#### Exercise requirements
Read through the material below and copy each line in which the word "chapelle" occurs.

===

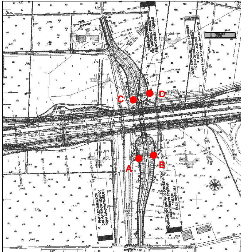
Figura 8.1 – Indicazioni dei punti di scarico più significativi sottoposti a verifica

Considerando pertanto i 4 fossi, nei tratti finali per il Cavalcavia V45 le verifiche idrauliche portano ai seguenti risultati.
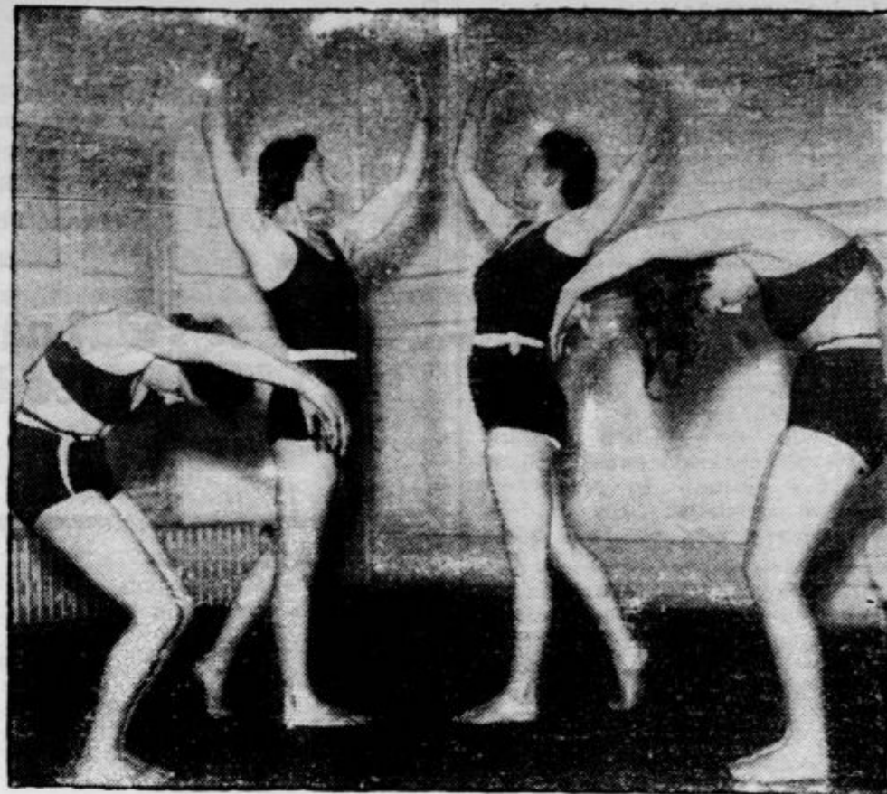
Moderna žena zna ceniti pomen telovadbe za zdravje in gibčnost, zato odmeri vsak dan nekaj časa gimnastičnim vajam
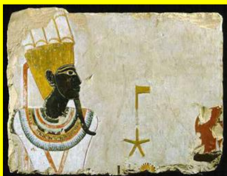
AMON, NETER STELLAIRE.
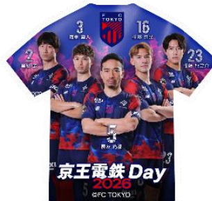
《スタンプ（イメージ）》
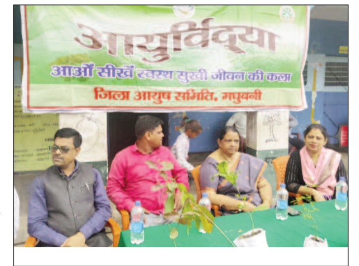
कार्यक्रम में उपस्थित ।
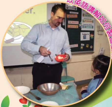
以英語講解如何製作蛋糕
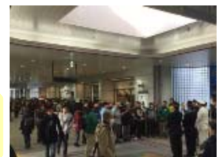
<昨年の三社共同開催時の受付>
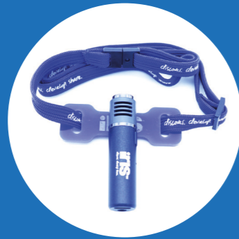
1x Blauwe microfoon met keycord
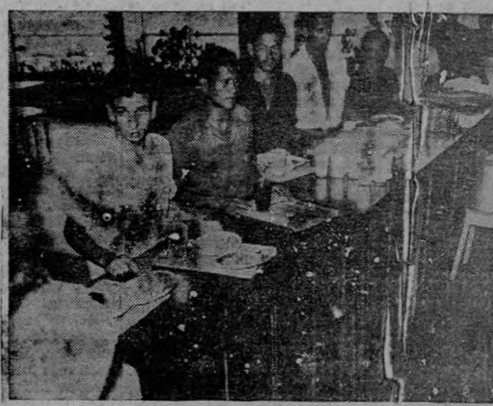
Llevando bandeja, cada uno de los empleados elige a la hora del almuerzo sus platos y bebidas preferidas en el extenso comedor de la Republic Tobacco Co.
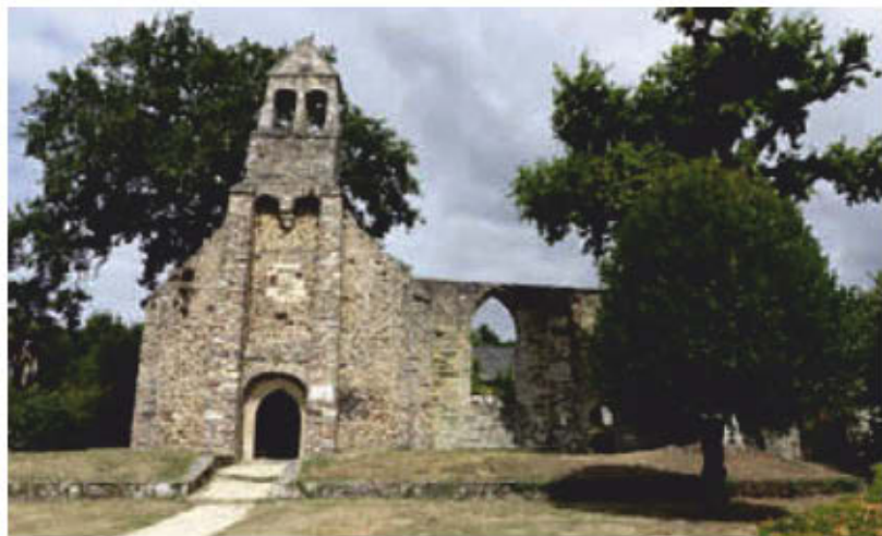
La chapelle de la Madeleine.

② Passez le pont pour rejoindre l'île Notre-Dame. Vous découvrez le moulin – qui n'est plus en activité –, l'église et le couvent des Augustins. Poursuivez jusqu'à la D764 que vous remontez jusqu'à la chapelle
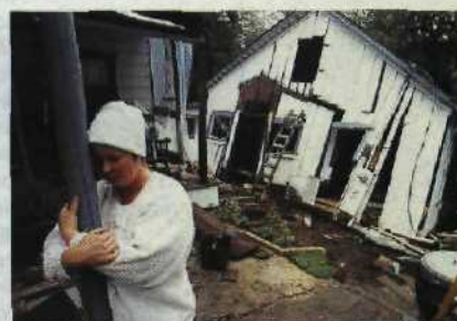
Noch einmal Glück gehabt beim Beben im Oktober 1989. Aber jeder weiß, daß die Erde keine Ruhe gibt Seite 90
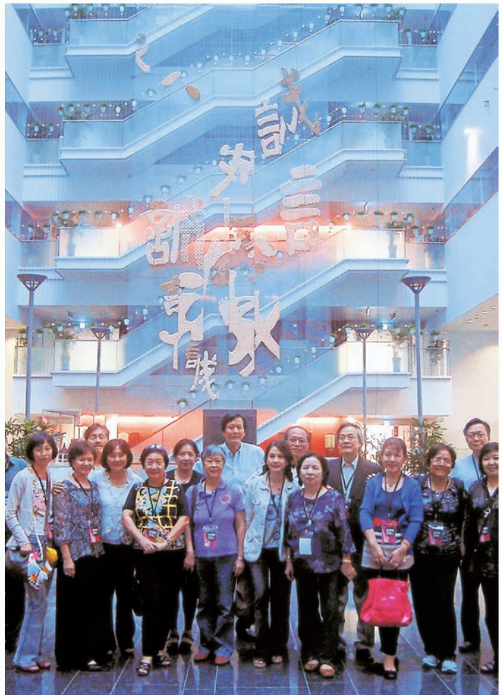
本會姊妹參觀台中市政府新建的市政大樓。

話說我參加本會，原有些「陰謀」。9 年前，我參加剛創辦的「台灣銀髮族協會」，提出了「藝文講座」點子，並被推為主持人，每月一次找人來給老人演講。不久發現，講文學太嚴肅了，老人聽久了會打瞌睡。我便把餅做大一點，不拘內容，只要於人有益並學有專長的，三教九

===

#### Solution to this exercise
La chapelle de la Madeleine.
② Passez le pont pour rejoindre l'île Notre-Dame. Vous découvrez le moulin – qui n'est plus en activité –, l'église et le couvent des Augustins. Poursuivez jusqu'à la D764 que vous remontez jusqu'à la chapelle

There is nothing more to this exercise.